Section 7. Amend § 731, Title 5 of the Delaware Code, by amending the first sentence of subsection (c) (as relettered pursuant to Section 6 above) to read as follows: “The Secretary of State shall sign the certificate of incorporation or certificate of formation, as applicable, and cause the Great Seal of the State to be thereto affixed and shall deliver the same to the corporation or the limited liability company, as applicable, together with a certified copy of the articles of organization and the endorsement of the State Bank Commissioner thereon, upon payment of the costs and charges therefor.”
Section 8. Amend §732, Title 5 of the Delaware Code by striking said section in its entirety and substituting a new “§732” in lieu thereof as follows:
Ҥ732. Commencement of corporate existence.
Upon the issuance of the certificate of incorporation or certificate of formation by the Secretary of State and the recording of the certificate and articles of organization as provided in § 731 of this title, the corporation or limited liability company named in such certificate and articles of organization shall from the date of the certificate be and constitute a corporation or limited liability company, for the purposes and by the name set forth in the certificate, subject to dissolution, termination or the revocation or forfeiture of the franchise under this chapter or under this Code or any other statute of this State relating to the dissolution or termination of or to the revocation or forfeiture of the charter or franchise of banks or trust companies; but the corporation or limited liability company shall not have the right to do any business until it has secured from the State Bank Commissioner of this State the certificate provided for in § 733 of this title.”

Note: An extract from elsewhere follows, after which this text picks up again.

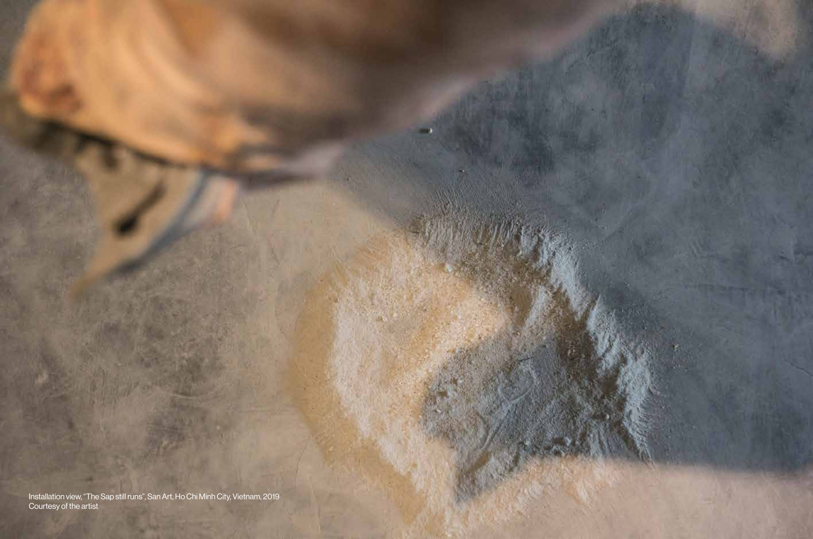
Installation view, "The Sap still runs", San Art, Ho Chi Minh City, Vietnam, 2019

Section 9. Amend § 749(a), Title 5 of the Delaware Code, by deleting the words “charters or certificates of incorporation” and replacing them with “charters, certificates of incorporation, certificates of formation or articles of association”.
Section 10. Amend § 749(b), Title 5 of the Delaware Code, by deleting the words “charter or certificate of incorporation” in the first sentence and replacing them with “charter, certificate of incorporation or articles of association”.
Section 11. Amend§ 749(b), Title 5 of the Delaware Code, by inserting the words “or, in the case of a trust company that is a limited liability company, its certificate of formation or articles of association relating to regulation and governance of limited liability companies formed under Title 6, in each case” after the words “under Title 8,” in the first sentence.
Section 12. Amend § 749(b), Title 5 of the Delaware Code, by deleting the words “certificate of incorporation” in the third sentence and replacing them with the words “charter, certificate of incorporation, certificate of formation or articles of association adopted”.
Section 13. Amend § 749(c), Title 5 of the Delaware Code, by inserting the words “or, in the case of a trust company that is a limited liability company, as prescribed in Chapter 18 of Title 6 for the amendment of the certificate of formation or limited liability company agreement of a limited liability company” at the end of the first sentence after the words “capital stock”.
Section 14. Amend § 776(b), Title 5 of the Delaware Code, by inserting at the end of thereof the following words: “, except to the extent otherwise provided in § 722 of this chapter for a trust company that is formed as a limited liability company”.